START Data section

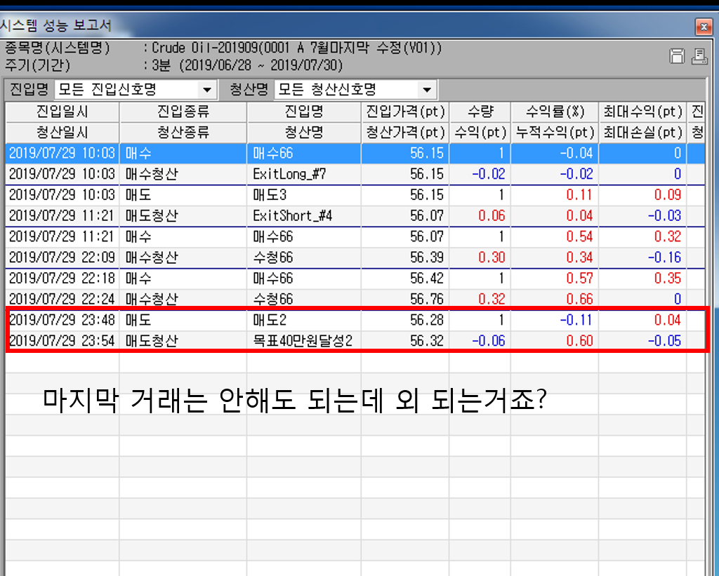 끝나면 40틱 이상인데 마지막 거래가 한번 더 매매가 되네요 ???
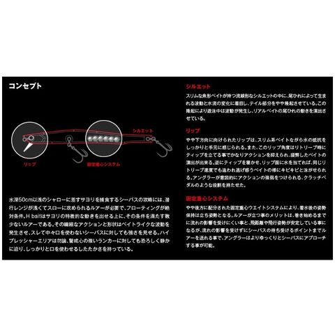スリムな魚形ベイトが持つ流線形なシルエットの中に、
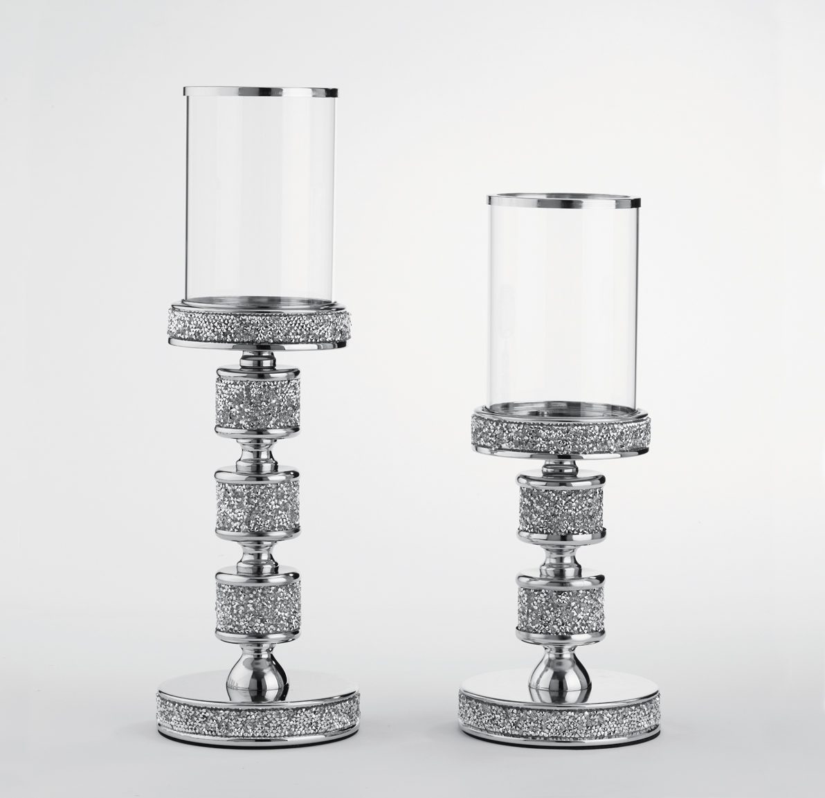 Λαμπάδες γάμου κηροπήγιο σετ σε ασημί χρώμα με γυαλί στο επάνω μέρος.
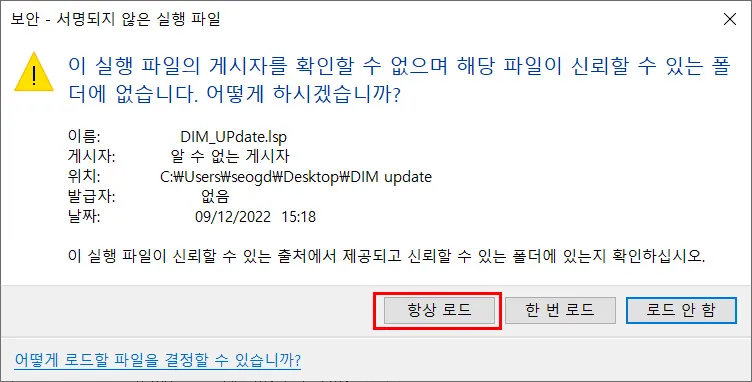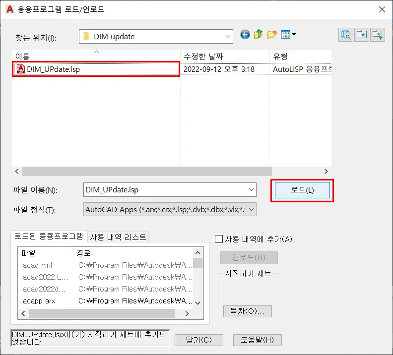 현재, 활성창에 DIM_UPdate.lsp 탑재를 위해 리습 파일을 선택하고, 로드를 클릭한다.
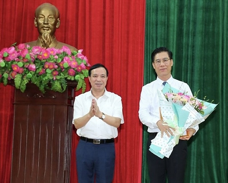 | Phó Bí thư Tỉnh uỷ Thanh Hoá Lại Thế Nguyên trao quyết định và chúc mừng ông Lữ Minh Thư. |
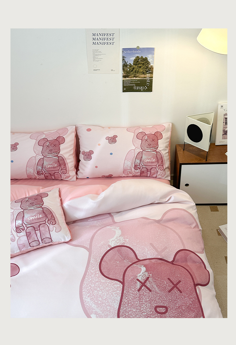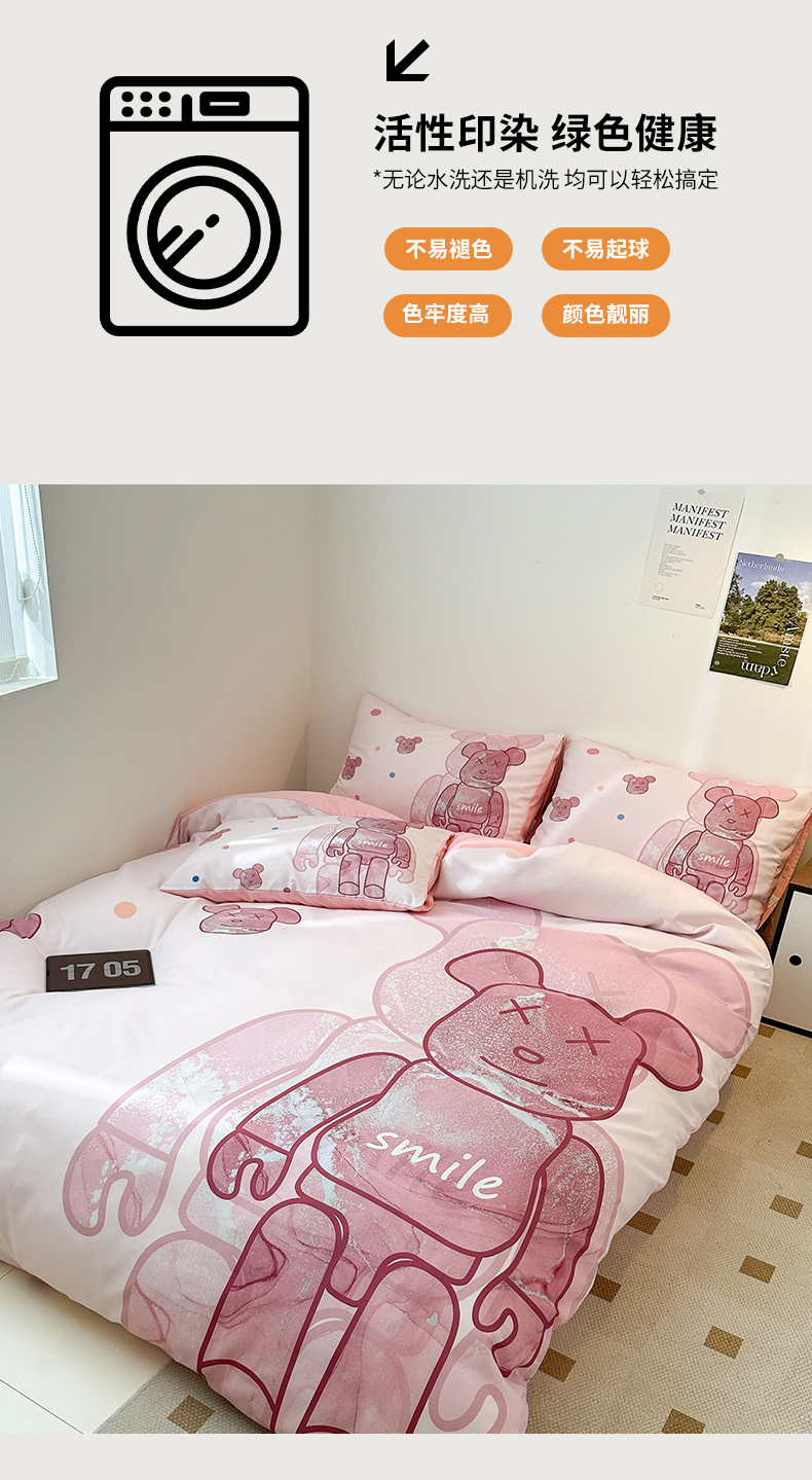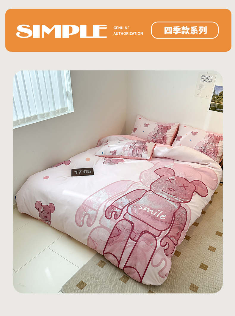 (总)色鬼布艺高端家居主号 2025秋冬新款网红款水洗棉四季款四件套,豹纹熊-粉,豹纹熊-绿,彩虹兔,格子熊,公仔蓝,梦幻粉,梦幻蓝,棋盘格公仔,太阳花粉,天使熊-粉,天使熊-咖,小熊头,熊头白,熊头橙,熊头咖,熊仔白
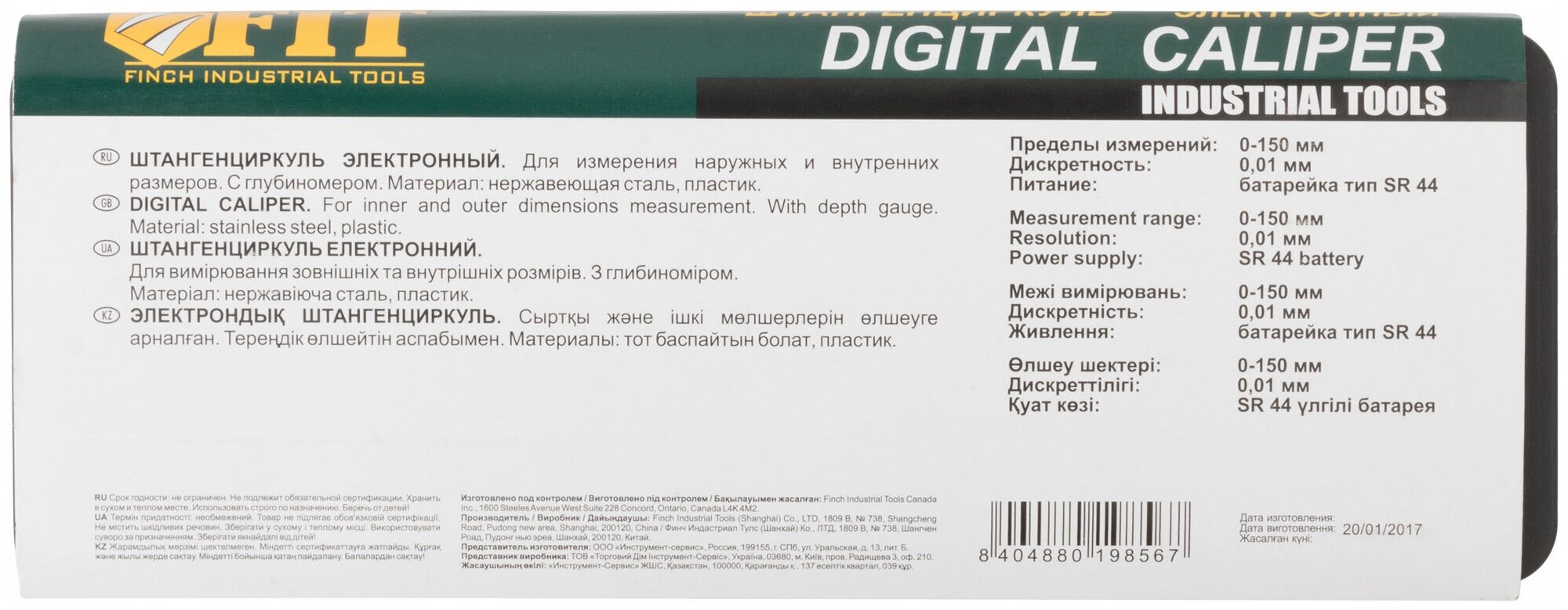 Instrument type: vernier caliper, type: vernier, length: 240 mm, maximum measurement value: 150 mm, graduation: 0.02 mm

END Data section

=== Task item ===
In the reply, give again exactly the lines from the beginning of the entries above through the line with "(总)色鬼布艺高端家居主号 2025秋冬"; pictures stay out.

=== Answer area ===
 끝나면 40틱 이상인데 마지막 거래가 한번 더 매매가 되네요 ???
スリムな魚形ベイトが持つ流線形なシルエットの中に、
 Λαμπάδες γάμου κηροπήγιο σετ σε ασημί χρώμα με γυαλί στο επάνω μέρος.
 현재, 활성창에 DIM_UPdate.lsp 탑재를 위해 리습 파일을 선택하고, 로드를 클릭한다.
 | Phó Bí thư Tỉnh uỷ Thanh Hoá Lại Thế Nguyên trao quyết định và chúc mừng ông Lữ Minh Thư. |
 (总)色鬼布艺高端家居主号 2025秋冬新款网红款水洗棉四季款四件套,豹纹熊-粉,豹纹熊-绿,彩虹兔,格子熊,公仔蓝,梦幻粉,梦幻蓝,棋盘格公仔,太阳花粉,天使熊-粉,天使熊-咖,小熊头,熊头白,熊头橙,熊头咖,熊仔白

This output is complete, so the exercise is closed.